Wednesday, March 14, 2007

Lenten Musings: The Sexuality of Christ and Modern Antihumanism

{N.B.--This post was edited and expanded after its initial posting for greater clarity of expression and thought.}
Being of the Irish Catholic persuasion, during this time of Lent I've been doing my annual bit of religious reading as my Lenten duty, a positive exploration of faith a lot more constructive than giving up donuts. As part of my reading list, I've been going through Michelle Goldberg's Kingdom Coming: The Rise of Christian Nationalism. But what does this have to do with art, you ask?

Goldberg recounts her travels inside the Fundamentalist side of the American religious/culture war.
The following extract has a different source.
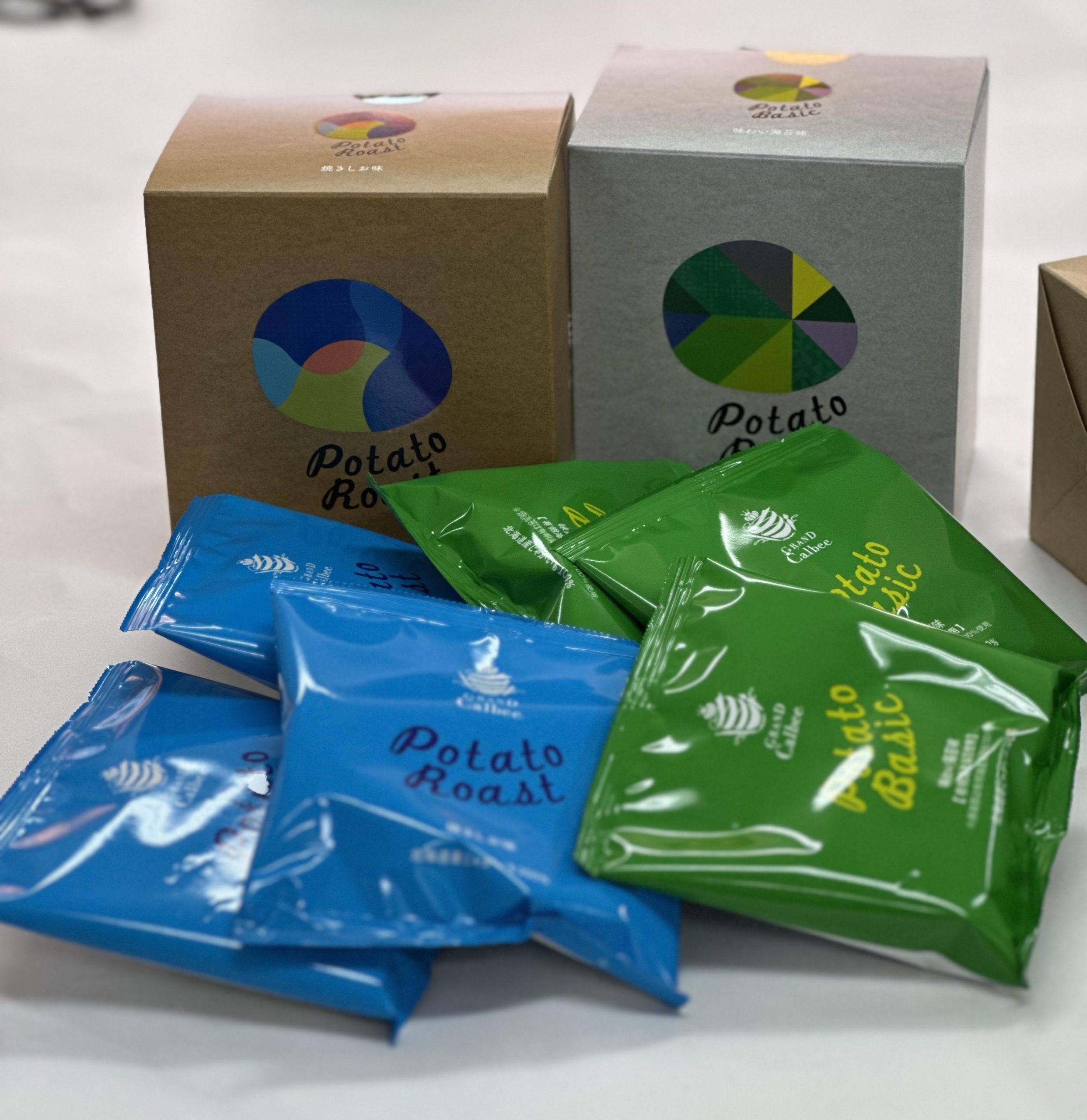 旅行の土産ですと、ポテトチップスを二箱も頂きました。お洒落な箱に入っています。中身は普通のポテチですが、5枚ずつパッケージされています。湿気なくて良いです。ただパッケージ代がかかっているなーと感じてしまいました。たかがポテチ、されどポテチですか!!。ありがたくいただきました。(笑)

A heavy emphasis is put on their infatuation with human sexuality to the point of an anti-humanistic approach. One preacher longs for a return to the pre-Renaissance days of Calvinism and a greater sense of the sinfulness of humanity. All of that brought back to mind Leo Steinberg's The Sexuality of Christ in Renaissance Art and Modern Oblivion.

Steinberg demonstrates both theologically and visually (almost comically so, with more pictures of people pointing at Jesus' genitals than you thought possible) that the Christ of the Renaissance was a fully functional, sexually potent (but sexually pure) human being. To be any less sexual would be to be less than fully human and, hence, "cheat" the incarnation. The University of Chicago Press link above gives a much better synopsis of the book than I can. Of course, nothing can replace actually reading the book, which is, indeed, excellent.
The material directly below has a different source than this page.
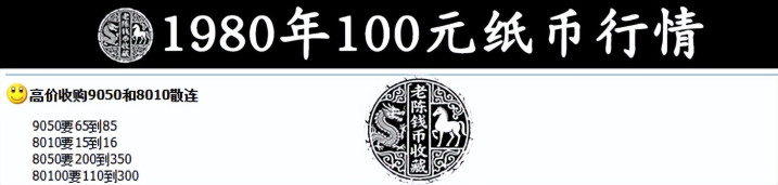 80版的100元,因为它发行时间早,存世量少,所以溢价相对来说,要高不少。

What this confluence in my mind really is driving me to say is that current antihumanism is truly anti-Christian, i.e., driving into "modern oblivion" what the Renaissance (and their Greek inspiration) understood so long ago. Renaissance art fully expressed what the incarnation fully meant. Every attempt since then to squash that, from the fig leaves later popes placed on Michelangelo's Last Judgment to government-subsidized abstinence-only programs, denies who we are as much as it denies who Jesus was.

And from a totally non-religious perspective (Richard Dawkins' The God Delusion has made me more conscious of that perspective), this antihumanism is not only irreligious, but also self destructive to society as a whole and the slice of that whole that is art and culture. I believe that all art is some response to humanism, either an embrace of its triumphs or an exploration of its failures. One of those failures is certainly a total denial of it by Fundamentalist Dominionists (i.e., fundamentalists who need to silence all disent from their views, to hold dominion over the intellectual field).
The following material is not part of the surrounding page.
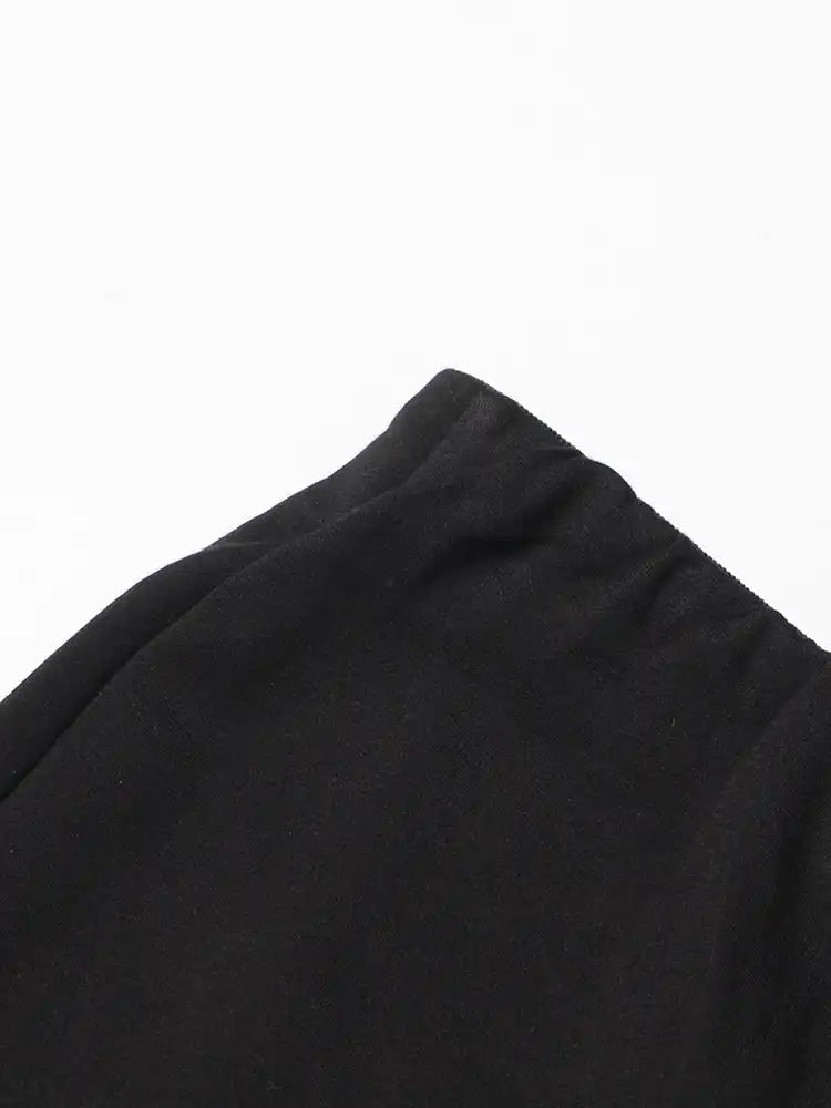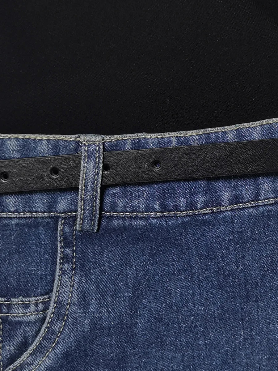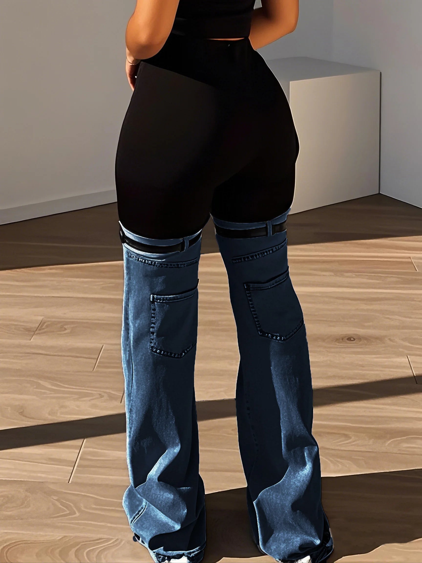 Women’s Trendy High Waist Patchwork Pants Black Bodycon Shorts Top with Blue Jean Bell Bottom Overlay and Punk-Inspired

Aside from my religious beliefs are my humanist beliefs. The two are linked, at least in my mind, but not necessarily in those of others. That's perfectly acceptable. I'm no dominionist. But I challenge anyone who truly loves art and the place it holds in the human mind and heart (and, perhaps, soul) to embrace this antisexual, antihumanist position and still embrace the majesty of all art.

{Disclaimer: All apologies for any overt preachiness above. I'm a very liberal Irish Catholic, as you may have guessed. My Jesus is the Jesus of the Beatitudes and Jesus Christ Superstar. The Jesus who would come over to help move your furniture on a Saturday morning. As I said at the beginning, I'm trying to keep the tangents to a minimum (really), but sometimes the tangents are what really get the juices flowing.}

1 comment:

Elena M. Cambio said...

Aptly put. We appear to share the same Jesus, incredible tenor notes and all.